EXERCISE DIRECTIONS: Reproduce exactly the lines from the one containing "Small amount of" through the end of the entries, including both. Drop the pictures.

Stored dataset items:

►

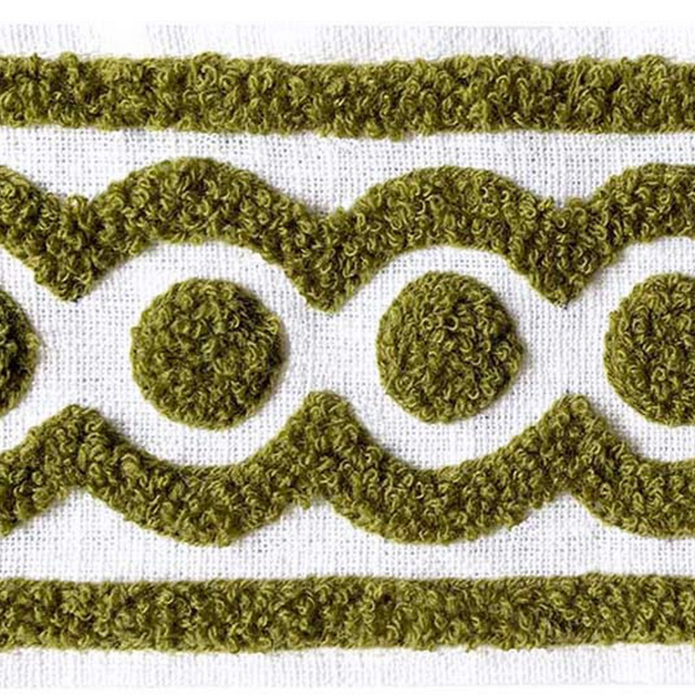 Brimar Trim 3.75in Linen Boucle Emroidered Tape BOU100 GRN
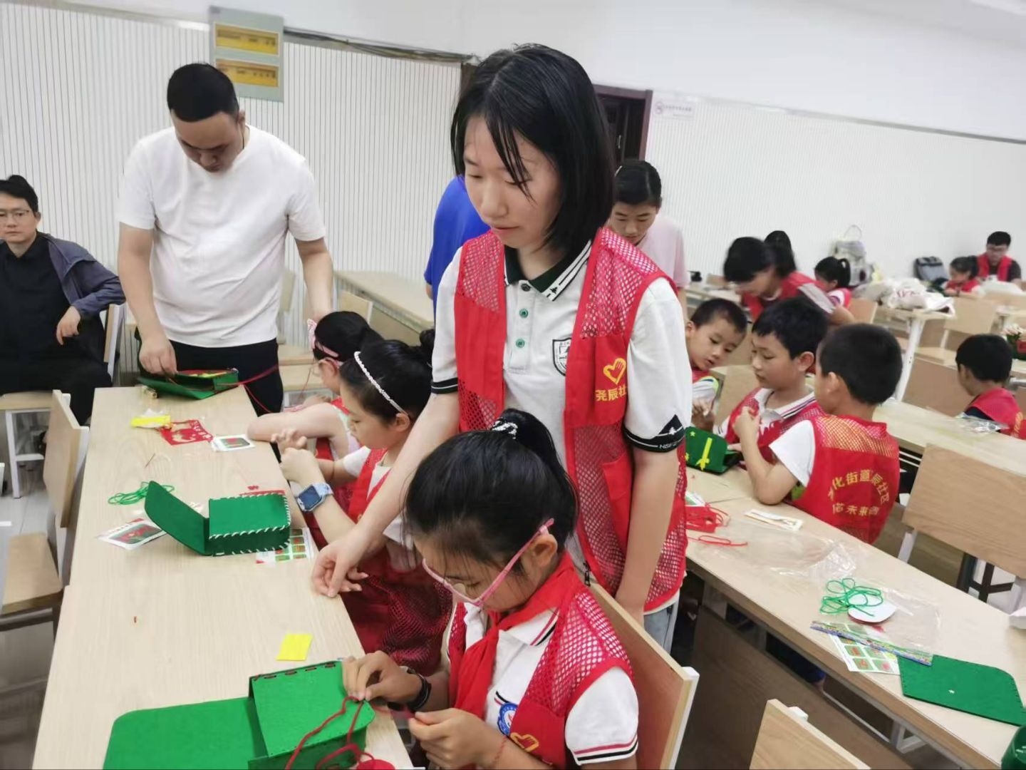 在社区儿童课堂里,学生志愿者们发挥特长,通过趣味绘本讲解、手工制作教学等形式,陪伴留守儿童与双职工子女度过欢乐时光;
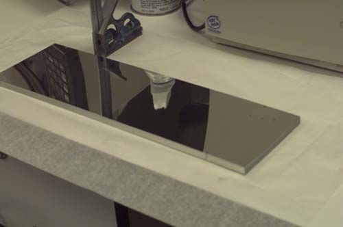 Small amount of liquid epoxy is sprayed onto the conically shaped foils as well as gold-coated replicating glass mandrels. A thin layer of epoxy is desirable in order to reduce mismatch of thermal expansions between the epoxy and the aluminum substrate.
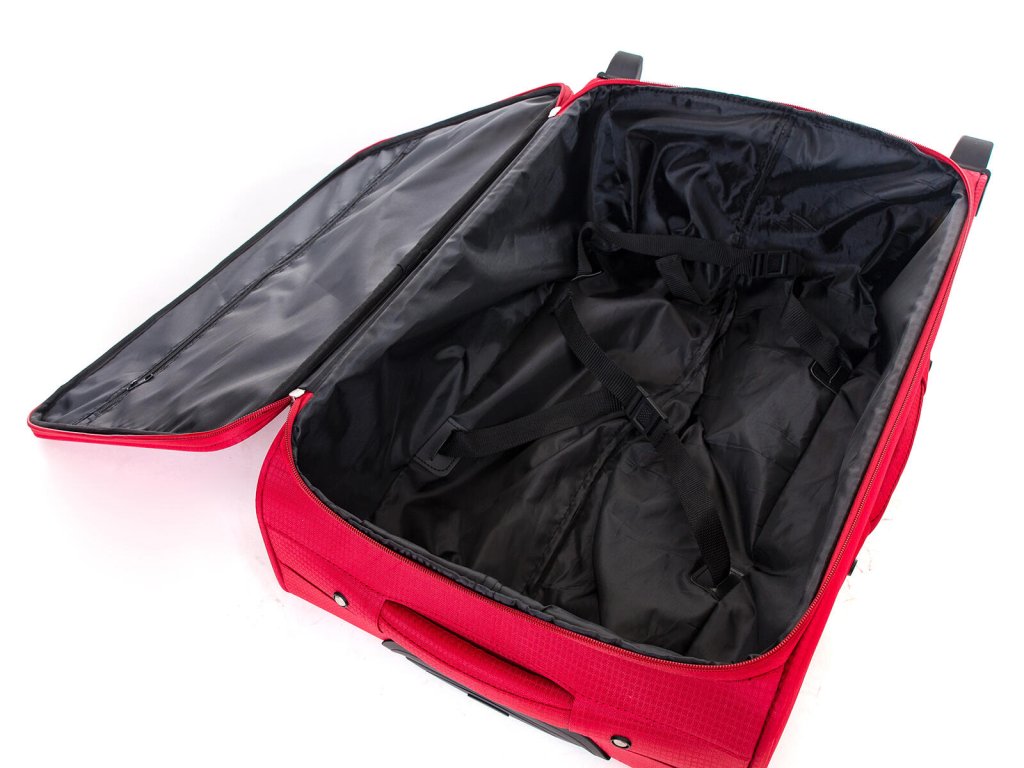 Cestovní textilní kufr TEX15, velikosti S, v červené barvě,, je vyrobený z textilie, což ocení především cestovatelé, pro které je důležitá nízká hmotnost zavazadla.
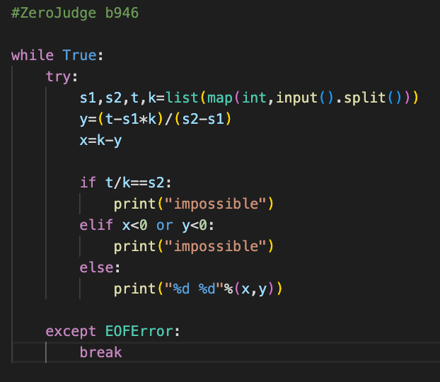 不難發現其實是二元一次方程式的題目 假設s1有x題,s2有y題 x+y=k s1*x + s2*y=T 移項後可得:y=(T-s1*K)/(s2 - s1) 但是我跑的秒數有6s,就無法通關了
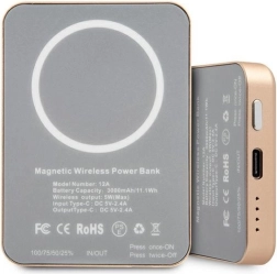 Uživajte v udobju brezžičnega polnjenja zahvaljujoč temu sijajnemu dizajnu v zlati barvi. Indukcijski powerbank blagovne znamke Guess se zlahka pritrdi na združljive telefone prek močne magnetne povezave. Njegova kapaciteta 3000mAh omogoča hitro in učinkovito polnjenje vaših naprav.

◄

RESULT FOR THIS EXERCISE:
 Small amount of liquid epoxy is sprayed onto the conically shaped foils as well as gold-coated replicating glass mandrels. A thin layer of epoxy is desirable in order to reduce mismatch of thermal expansions between the epoxy and the aluminum substrate.
 Cestovní textilní kufr TEX15, velikosti S, v červené barvě,, je vyrobený z textilie, což ocení především cestovatelé, pro které je důležitá nízká hmotnost zavazadla.
 不難發現其實是二元一次方程式的題目 假設s1有x題,s2有y題 x+y=k s1*x + s2*y=T 移項後可得:y=(T-s1*K)/(s2 - s1) 但是我跑的秒數有6s,就無法通關了
 Uživajte v udobju brezžičnega polnjenja zahvaljujoč temu sijajnemu dizajnu v zlati barvi. Indukcijski powerbank blagovne znamke Guess se zlahka pritrdi na združljive telefone prek močne magnetne povezave. Njegova kapaciteta 3000mAh omogoča hitro in učinkovito polnjenje vaših naprav.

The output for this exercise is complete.